I've continued to fiddle with a custom process launcher to allow for sort of cloning of processes per connection or whatever, I've got something now that runs, and responds to process pings and forks as needed, but deadlocks when one of the forked processes exits (this should all be wired with pubs and such, so messages going to a non-existent destination shouldn't be a problem, but evidently needs debugging)
> Inject appears to be more of a polling input I'm not sure, but it seems like you can poll or block in the inject function. You just shouldn't block indefinitely. My guess is that you block, but yield every once in a while for control messages and then the inject function gets called again.
The flow per connection approach would just put off the issue, before I had a bunch of processes (go loops reading writing channels) to manage and now I have a bunch flows, and even kind of worse because it is not immediately obvious how to have flows cross talk (an inject with polling on a channel sort of works for getting messages into a flow, but a sink with polling offer with some kind of internal buffer just seems horrendous)
Yea, I dunno. My intuition would be to generally not have a flow per connection, especially if the different connections talk to each other.
Exactly
@ovidiu.stoica1094's example code appears to be running into two issues, 1. Is the same lack of a clear way to connect an external async source or sink to a flow and 2. Is processes in a flow don't have a way to access the flow as a whole. Those two issues together means it is tricky for the callbacks given to the websocket client connection created in a flow to communicate data back to the flow.

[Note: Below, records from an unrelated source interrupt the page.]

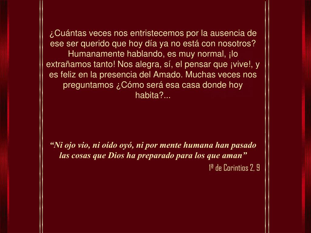 ¿Cuántas veces nos entristecemos por la ausencia de ese ser querido que hoy día ya no está con nosotros? Humanamente hablando, es muy normal, ¡lo extrañamos tanto! Nos alegra, sí, el pensar que ¡vive!, y es feliz en la presencia del Amado. Muchas veces nos preguntamos ¿Cómo será esa casa donde hoy habita?... “Ni ojo vio, ni oído oyó, ni por mente humana han pasado las cosas que Dios ha preparado para los que aman” 1ª de Corintios 2, 9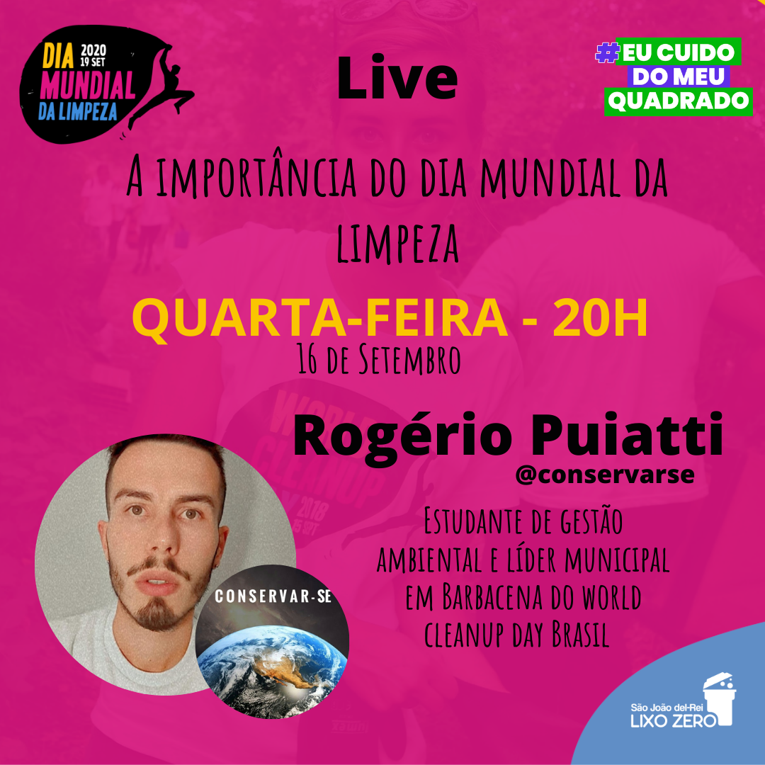 Live "A importância do Dia Mundial da Limpeza com Rogério Puiatti" . São João del-Rei Lixo Zero . Ao vivo pelo Instagram . 2020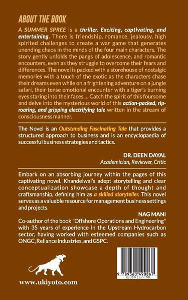 "A Summer Spree is a thriller. Exciting, captivating, and entertaining. There is friendship, romance, jealousy, high spirited challenges to create a war game that generates unending chaos in the minds of the four main characters. The story gently unfolds the pangs of adolescence, and romantic encounters, even as they struggle to overcome their fears and differences. The novel is packed with a storehouse of nostalgic memories with a touch of the exotic as the characters chase their dreams even while on a frightening adventure on a jungle safari, their tense emotional encounter with a tiger's burning eyes staring into their faces ... Catch the spirit of this foursome and delve into the mysterious world of this action-packed, rip-roaring, and gripping electrifying tale written in the stream of consciousness manner. "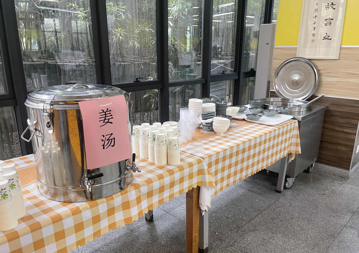 在后勤保障工作这一方面,组委会做足了准备,不仅提供了温暖的室内大厅供运动员休息,还设置室内热身区域,同时准备了大量的姜汤给运动员驱寒。由于赛事持续两天,公司食堂也提供了丰盛的午餐,广受运动员好评。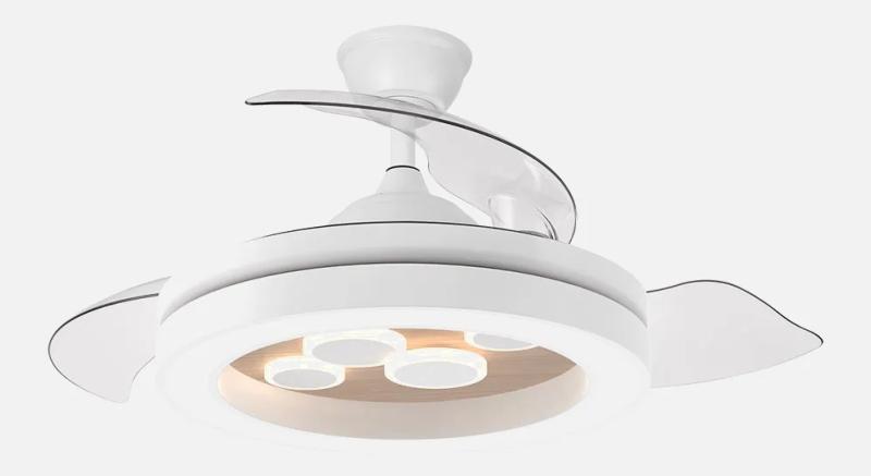 | Ventilador DC de la serie CUPIDO realizado en metal, policarbonato y ABS, en color BLANCO/HAYA con tres aspas DESPLEGABLES de ABS transparente muy resistentes. Diseño muy moderno y original, con bonito juego de luces. Tiene seis velocidades ajustables. Tecnología LED integrada con una potencia de 55W, con 3 TEMPERATURAS SELECCIONABLES DE LUZ (3000-4500-6500K) y 4960 lúmenes. Control de aire verano o invierno. Su medida es de 34,5/42X50 centímetros con las aspas plegadas y de 34,5/42X107 centímetros con las aspas desplegadas. Incluye dos tijas de 12,5 y 20 centímetros, para colocar a distintas alturas. Mando a distancia INCLUIDO, REGULABLE EN INTENSIDAD, con MEMORIA DE COLOR incorporada y TEMPORIZADOR 2/4 H. Puede utilizar el control VIA APP : FAN LAMP PRO, desde el que podrá manejar también su ventilador de manera fácil e intuitiva desde su móvil. Modelo disponible en color blanco/haya y negro/madera. |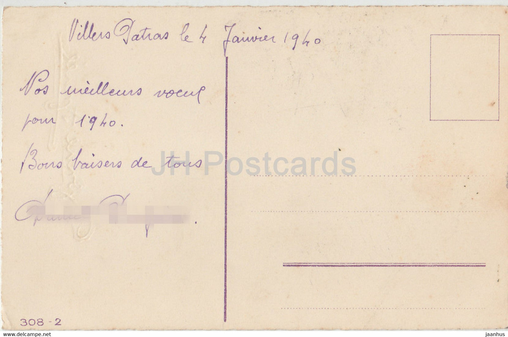 Geburtstagsgrußkarte – Bonne Annee – Blumen – Tulpen – 308-2 – Illustration – alte Postkarte – 1940 – Frankreich – gebraucht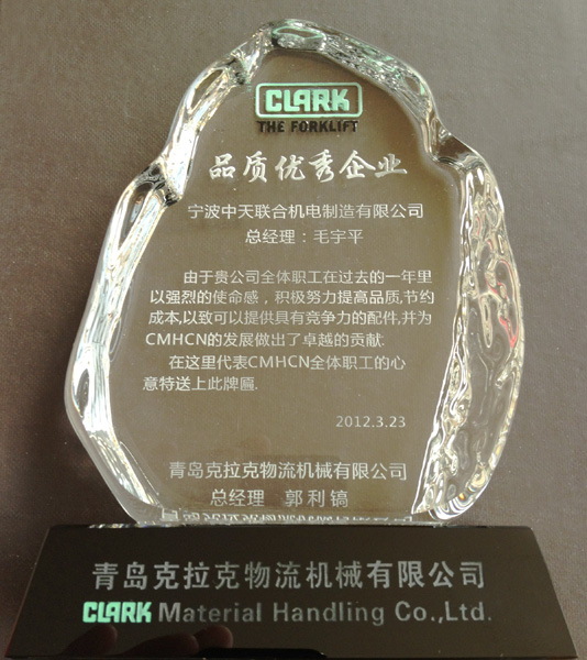 在本月召開的青島克拉克物流機(jī)械有限公司供應(yīng)商會(huì)議中,中天公司在30多家供應(yīng)商中憑借優(yōu)秀的質(zhì)量、成本及交貨率被評(píng)為品質(zhì)優(yōu)秀企業(yè)。此次會(huì)議共設(shè)兩名優(yōu)秀供應(yīng)商,中天公司為獲得此殊榮的兩家企業(yè)之一。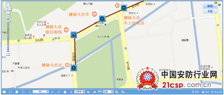 经过对图像资料多方面的分析后,掌握到嫌疑人的各项特征,包括体貌特征、穿着打扮、携带物品,同时对嫌疑人的来去路线、是否乘坐交通工具、嫌疑人周围出现的人员车辆、是否使用手机、是否出入旅店网吧的情况进行了解,并在监控分布图上针对分析研判过程中发现的情况进行标注,制作嫌疑人轨迹分析图,以地图的方式直观的、清晰的反映嫌疑人的行动轨迹、活动规律,全面了解整个嫌疑人或嫌疑团伙在作案与逃逸过程中的信息。在分析到新的线索后,重新设定搜索范围,进而继续摸底排查,通过视频的方式获取更多的线索。

If you implement process launcher yourself you have direct access to the channels, so you can more easily do async stuff, that might be the answer
That's not how I would approach it. I would have a function that returns subflows that have clear inputs and outputs. I would then compose the subflows into a single larger flow. The idea being that you could easily replace the websocket source with another source. You could replace the sinks with other sinks.
I mean, if you have a process definition that is a custom process launcher that launches a websocket and wires it's ins and outs to the channels, you can just replace that process definition with a different one in a flow
process and step-process lift procedures (fns that are not pure but are not async) into processes (things with state that communicate over channels)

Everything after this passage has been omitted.